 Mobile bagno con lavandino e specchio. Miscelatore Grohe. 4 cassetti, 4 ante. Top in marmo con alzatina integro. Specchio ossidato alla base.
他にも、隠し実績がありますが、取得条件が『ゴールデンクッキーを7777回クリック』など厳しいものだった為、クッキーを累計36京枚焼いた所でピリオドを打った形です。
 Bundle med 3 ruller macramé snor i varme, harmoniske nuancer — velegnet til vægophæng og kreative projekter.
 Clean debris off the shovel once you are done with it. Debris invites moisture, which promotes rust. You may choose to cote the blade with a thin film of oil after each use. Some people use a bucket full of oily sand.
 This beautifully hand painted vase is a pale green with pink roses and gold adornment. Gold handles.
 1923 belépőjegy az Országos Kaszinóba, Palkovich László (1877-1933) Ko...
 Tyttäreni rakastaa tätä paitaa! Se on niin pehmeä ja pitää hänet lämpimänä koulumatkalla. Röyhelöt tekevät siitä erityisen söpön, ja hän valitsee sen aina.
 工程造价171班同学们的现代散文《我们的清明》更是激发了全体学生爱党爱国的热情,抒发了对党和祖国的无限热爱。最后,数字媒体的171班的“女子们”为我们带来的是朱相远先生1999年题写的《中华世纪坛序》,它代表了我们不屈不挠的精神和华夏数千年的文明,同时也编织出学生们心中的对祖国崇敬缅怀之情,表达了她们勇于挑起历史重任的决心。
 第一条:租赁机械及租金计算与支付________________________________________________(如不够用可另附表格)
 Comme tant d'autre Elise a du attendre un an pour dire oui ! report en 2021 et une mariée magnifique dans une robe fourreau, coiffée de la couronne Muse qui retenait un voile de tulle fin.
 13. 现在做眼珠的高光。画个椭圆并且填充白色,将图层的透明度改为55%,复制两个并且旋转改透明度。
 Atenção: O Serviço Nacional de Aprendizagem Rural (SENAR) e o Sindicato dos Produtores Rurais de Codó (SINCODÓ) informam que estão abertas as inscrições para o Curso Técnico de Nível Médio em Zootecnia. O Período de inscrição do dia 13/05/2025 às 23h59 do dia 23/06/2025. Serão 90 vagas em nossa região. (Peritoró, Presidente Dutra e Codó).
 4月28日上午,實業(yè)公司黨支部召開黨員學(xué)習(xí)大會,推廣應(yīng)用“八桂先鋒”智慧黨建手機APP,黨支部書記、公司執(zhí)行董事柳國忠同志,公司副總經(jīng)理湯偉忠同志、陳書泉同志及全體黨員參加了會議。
# # # #
# ACTION ITEM
Repeat the records above exactly as they appear.

# WORKED SOLUTION
 Mobile bagno con lavandino e specchio. Miscelatore Grohe. 4 cassetti, 4 ante. Top in marmo con alzatina integro. Specchio ossidato alla base.
他にも、隠し実績がありますが、取得条件が『ゴールデンクッキーを7777回クリック』など厳しいものだった為、クッキーを累計36京枚焼いた所でピリオドを打った形です。
 Bundle med 3 ruller macramé snor i varme, harmoniske nuancer — velegnet til vægophæng og kreative projekter.
 Clean debris off the shovel once you are done with it. Debris invites moisture, which promotes rust. You may choose to cote the blade with a thin film of oil after each use. Some people use a bucket full of oily sand.
 This beautifully hand painted vase is a pale green with pink roses and gold adornment. Gold handles.
 1923 belépőjegy az Országos Kaszinóba, Palkovich László (1877-1933) Ko...
 Tyttäreni rakastaa tätä paitaa! Se on niin pehmeä ja pitää hänet lämpimänä koulumatkalla. Röyhelöt tekevät siitä erityisen söpön, ja hän valitsee sen aina.
 工程造价171班同学们的现代散文《我们的清明》更是激发了全体学生爱党爱国的热情,抒发了对党和祖国的无限热爱。最后,数字媒体的171班的“女子们”为我们带来的是朱相远先生1999年题写的《中华世纪坛序》,它代表了我们不屈不挠的精神和华夏数千年的文明,同时也编织出学生们心中的对祖国崇敬缅怀之情,表达了她们勇于挑起历史重任的决心。
 第一条:租赁机械及租金计算与支付________________________________________________(如不够用可另附表格)
 Comme tant d'autre Elise a du attendre un an pour dire oui ! report en 2021 et une mariée magnifique dans une robe fourreau, coiffée de la couronne Muse qui retenait un voile de tulle fin.
 13. 现在做眼珠的高光。画个椭圆并且填充白色,将图层的透明度改为55%,复制两个并且旋转改透明度。
 Atenção: O Serviço Nacional de Aprendizagem Rural (SENAR) e o Sindicato dos Produtores Rurais de Codó (SINCODÓ) informam que estão abertas as inscrições para o Curso Técnico de Nível Médio em Zootecnia. O Período de inscrição do dia 13/05/2025 às 23h59 do dia 23/06/2025. Serão 90 vagas em nossa região. (Peritoró, Presidente Dutra e Codó).
 4月28日上午,實業(yè)公司黨支部召開黨員學(xué)習(xí)大會,推廣應(yīng)用“八桂先鋒”智慧黨建手機APP,黨支部書記、公司執(zhí)行董事柳國忠同志,公司副總經(jīng)理湯偉忠同志、陳書泉同志及全體黨員參加了會議。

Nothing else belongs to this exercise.